Unfortunately, the limited quantification methods to analyse complex HMOs had hindered our understanding of their metabolism by bifidobacterial species and other specific biological functions associated with these complex oligosaccharides. In this report, a method for rapid and detailed analysis of bifidobacteria for their capacity to consume the most abundant fucosylated and neutral HMOs was developed. The method is an integrated, scalable platform using a combination of microtitre plate analysis of microbial growth and MALDI‐FTICR‐MS to obtain detailed, strain‐specific oligosaccharide consumption profiles. To handle the large amounts of data generated from the mass spectrometer, a high‐throughput data analysis software package, Glycolyzer, was developed in house. The Glycolyzer software suite was written in Igor Pro 6.04 (WaveMetrics, Portland, OR) to facilitate data processing from raw mass spectra to analysed data. Analysis included signal noise filtering, isotope deconvolution, oligosaccharide peak annotation and deuterated/undeuterated (D/H) relative quantification. This method can be extended towards the analysis of microbial consumption of other complex dietary oligosaccharides, and will be particularly useful when the substrate is of limited availability and information on specific oligosaccharide consumption from complex mixtures of oligosaccharides is demanded.

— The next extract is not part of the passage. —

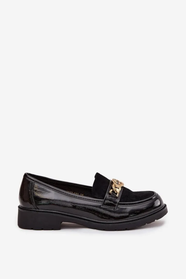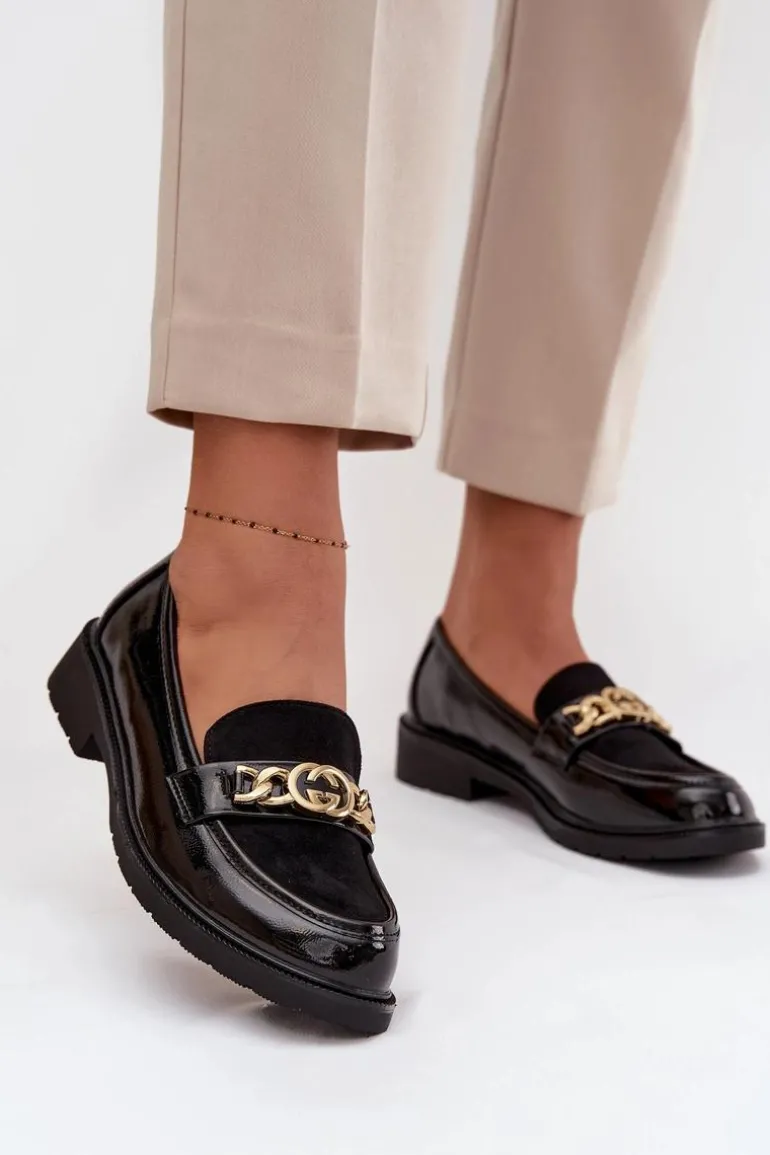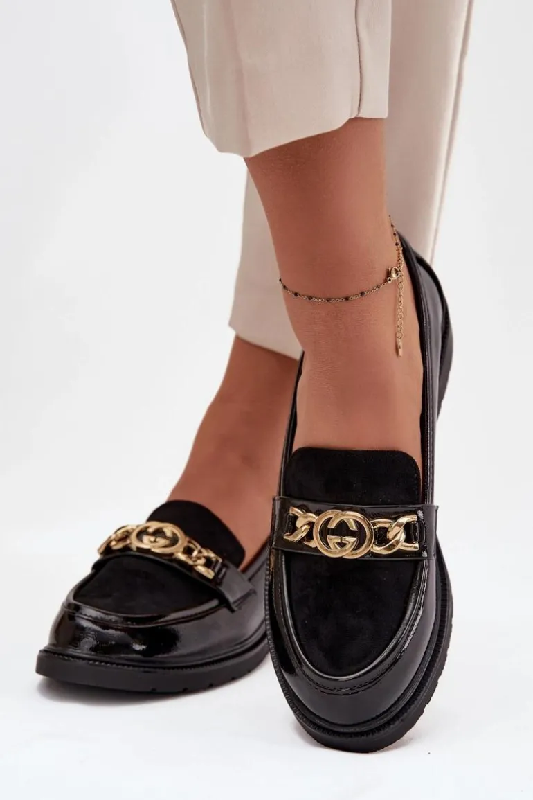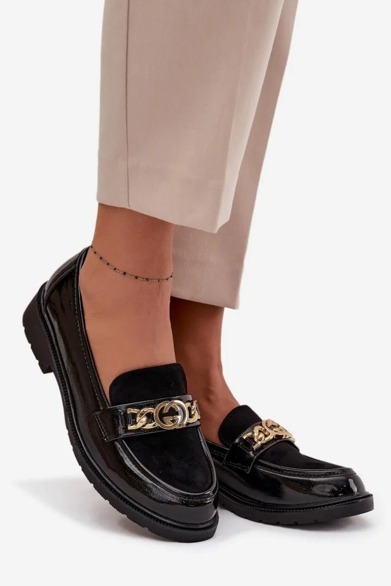 Mokasyny damskie marki S. Barski wykonane z połączenia eko skóry i eko zamszu to propozycja dla kobiet ceniących elegancję w wygodnym wydaniu. Klasyczny fason urozmaicony został paskiem z dekoracyjną, złotą ozdobą. Dzięki miękkiej, skórzanej wkładce zapewniają komfort noszenia przez cały dzień.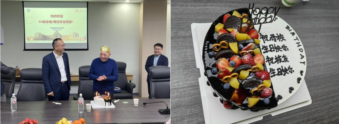 副校长单智伟、校友发展部副主任赵力在创新港材料研究院亲切会见了校友们。他代表学校向远道而来的校友们致以崇高的敬意和衷心的感谢,感谢他们一直以来对母校的关心和支持。他提到,校友们是母校发展史上的重要一页,他们的奋斗精神和卓越成就为母校增添了无尽的荣耀,是母校最宝贵的财富,是母校发展的重要力量。恰逢当日与母校同一天生日的鲍汉云校友迎来了他的寿辰,在场教师为鲍汉云校友过寿庆生,大家共同为校友送上祝福,现场气氛温馨而感人。

The method presented here enables detailed profiling of probiotic bacterial culture collections for their ability to metabolize complex milk oligosaccharides. This method forms part of a strategy to identify the symbiotic effect between specific probiotic bacterial strains and the type of prebiotic dietary carbohydrate necessary to treat specific health conditions.

Results

A plate reader‐based bacterial growth assay was coupled with MS analysis of the spent cultures, and a custom‐developed data analysis software to obtain detailed HMO consumption patterns for 12 bifidobacterial strains. For every strain, the following growth kinetics parameters were calculated: growth rate, apparent lag time, generation time and maximum optical density (OD) reached. These were analysed in combination with the HMO consumption glycoprofiling data to obtain a detailed description of each strain's ability to metabolize specific HMOs. In the automated MS analysis error bars were calculated from at least six relative standard deviations of both the control and samples. Computing the propagation of error was necessary because the per cent HMO consumption was computed by normalizing the MS intensity of the samples to that of the control. Per cent relative standard deviation widely ranged from 1% to 18% and an average of less than 10% for each oligosaccharide peak. The combined use of 96‐well plates and TipTop cartridges reduced the amount of HMO needed for bacterial growth by fivefold, and has reduced the time to perform the oligosaccharide extraction process of a given sample from 41.5 to 3.5 h (Fig. 1). This method enabled monitoring bacterial consumption of the most abundant fucosylated and neutral oligosaccharide isomers in human breast milk, accounting by number for 54% of the total number of individual oligosaccharides from a pooled human milk sample. The HMO masses monitored comprise several isomers representing the highest abundance milk oligosaccharides, and accounting for approximately 70% of all HMOs in milk (Ninonuevo et al., 2006) (Table S1).

Figure 1.

Figure 1

Schematic of experimental procedure. Schematic illustration for the workflow utilized for the real‐time monitoring of bacterial growth, sample preparation, MS analysis, data collection and analysis. (a and b) Clonal expansion and real‐time monitoring of bacterial growth performed in anaerobic chamber. (c) Sample collection. (d) Sample inactivation, sterilization and clean‐up. (e) Internal standard addition. (f) TipTop PGC oligosaccharide isolation. (g) Sample MS analysis, data acquisition and processing. Time gains in sample processing as compared with a previously developed method (LoCascio et al., 2007).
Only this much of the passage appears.